Write down exactly the lines from the one below that has "商业项目与住宅项目最核心的差" to the end of the data, both ends included; the pictures should not appear in your copy.

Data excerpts

• • •

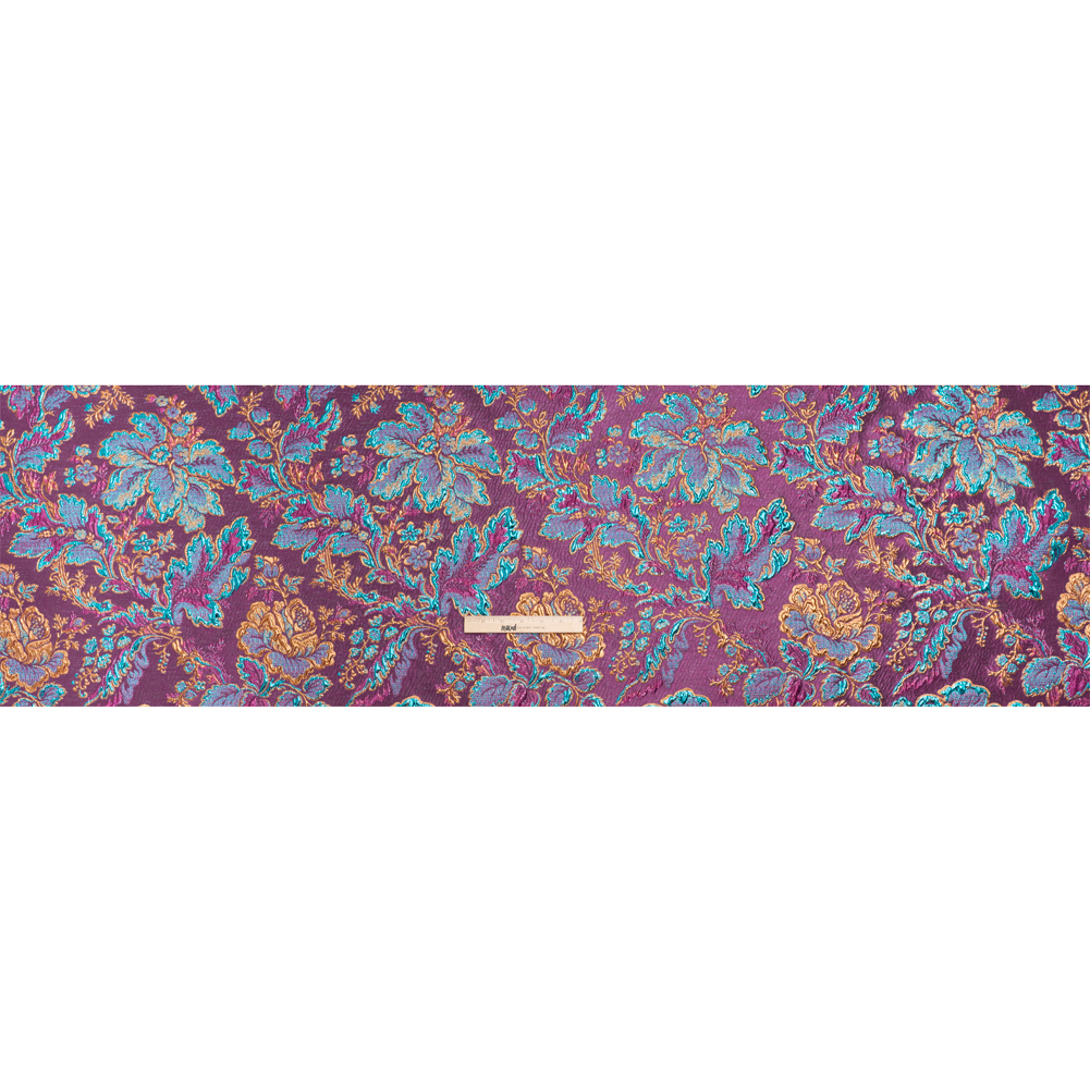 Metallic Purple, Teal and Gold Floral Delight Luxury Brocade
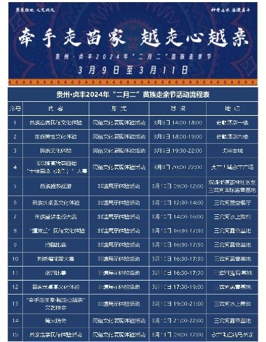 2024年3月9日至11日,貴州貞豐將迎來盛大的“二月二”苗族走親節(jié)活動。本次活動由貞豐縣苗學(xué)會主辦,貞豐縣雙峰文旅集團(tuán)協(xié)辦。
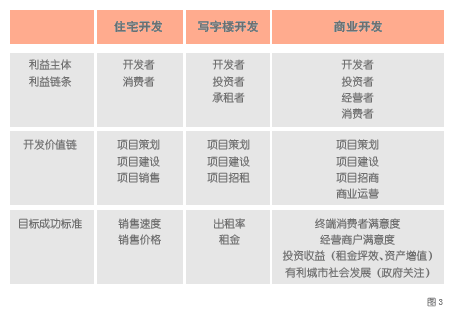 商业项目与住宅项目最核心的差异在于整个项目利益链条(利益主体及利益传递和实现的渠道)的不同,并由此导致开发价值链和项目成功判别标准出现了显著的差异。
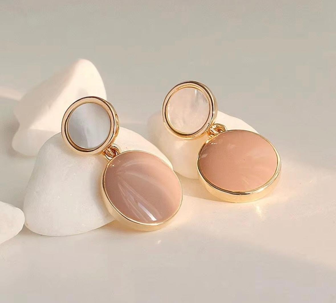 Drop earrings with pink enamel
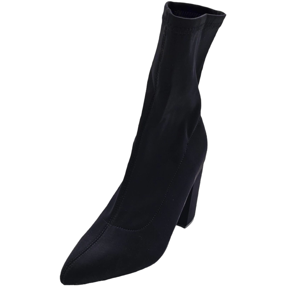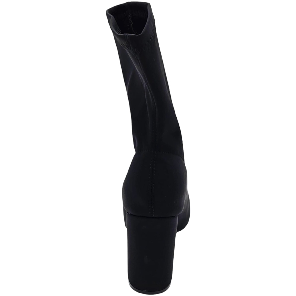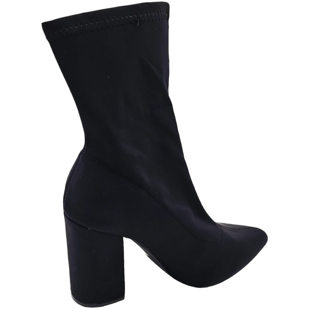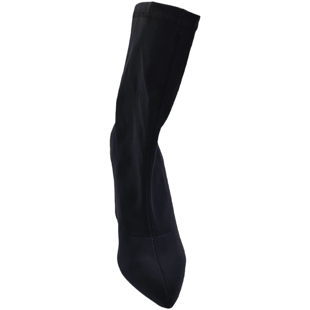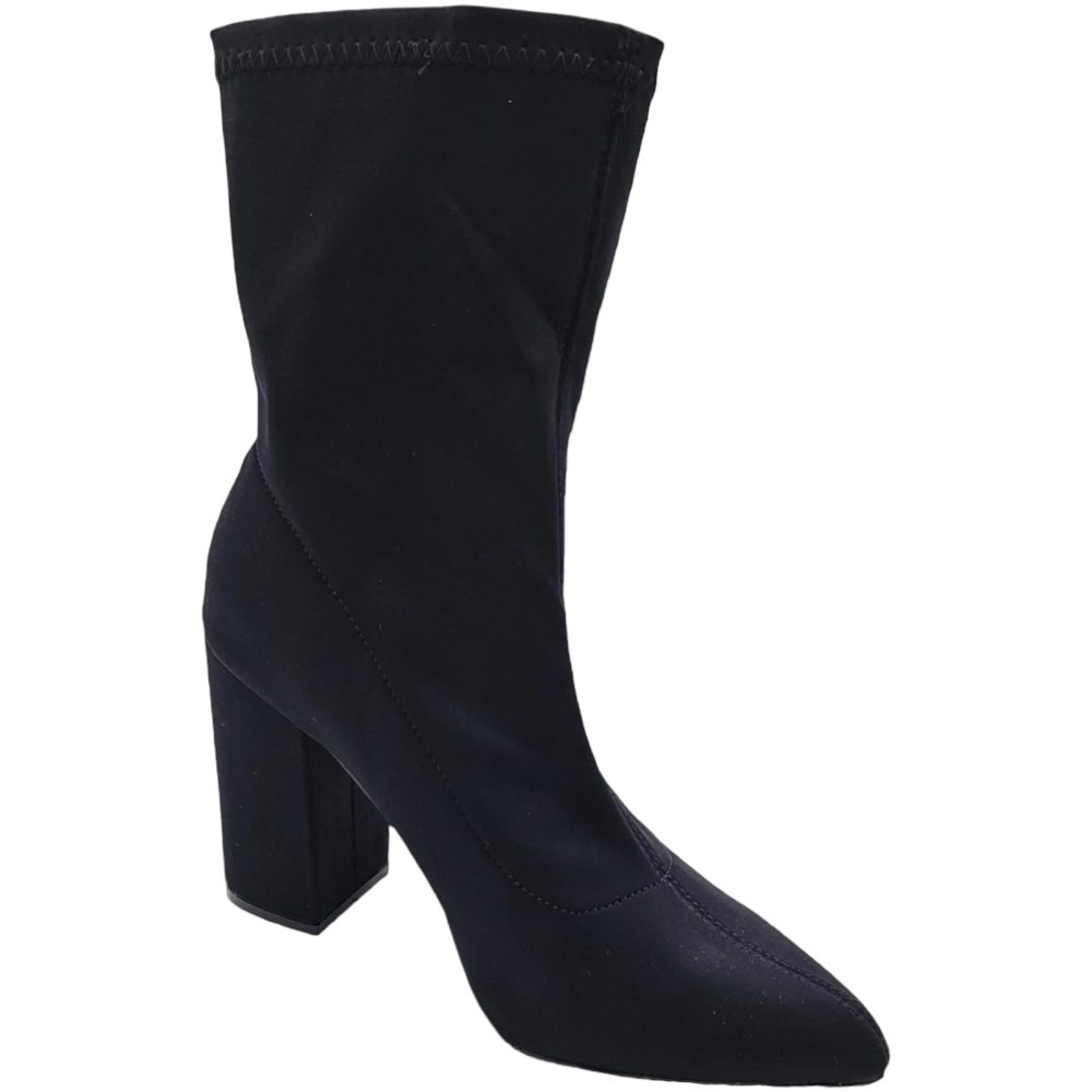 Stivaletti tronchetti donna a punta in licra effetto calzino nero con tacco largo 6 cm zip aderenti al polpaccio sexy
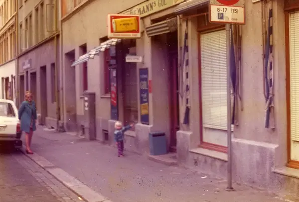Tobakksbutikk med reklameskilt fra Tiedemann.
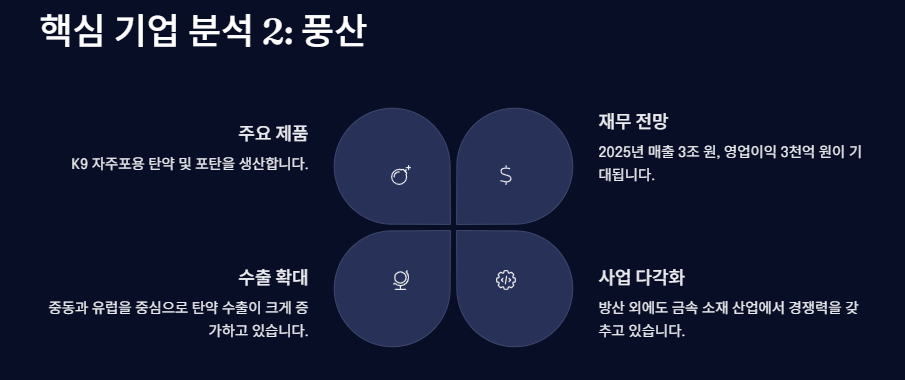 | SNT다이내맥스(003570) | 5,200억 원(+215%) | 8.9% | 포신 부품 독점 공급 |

• • •

- [Solution to the exercise]
 商业项目与住宅项目最核心的差异在于整个项目利益链条(利益主体及利益传递和实现的渠道)的不同,并由此导致开发价值链和项目成功判别标准出现了显著的差异。
 Drop earrings with pink enamel
 Stivaletti tronchetti donna a punta in licra effetto calzino nero con tacco largo 6 cm zip aderenti al polpaccio sexy
Tobakksbutikk med reklameskilt fra Tiedemann.
 | SNT다이내맥스(003570) | 5,200억 원(+215%) | 8.9% | 포신 부품 독점 공급 |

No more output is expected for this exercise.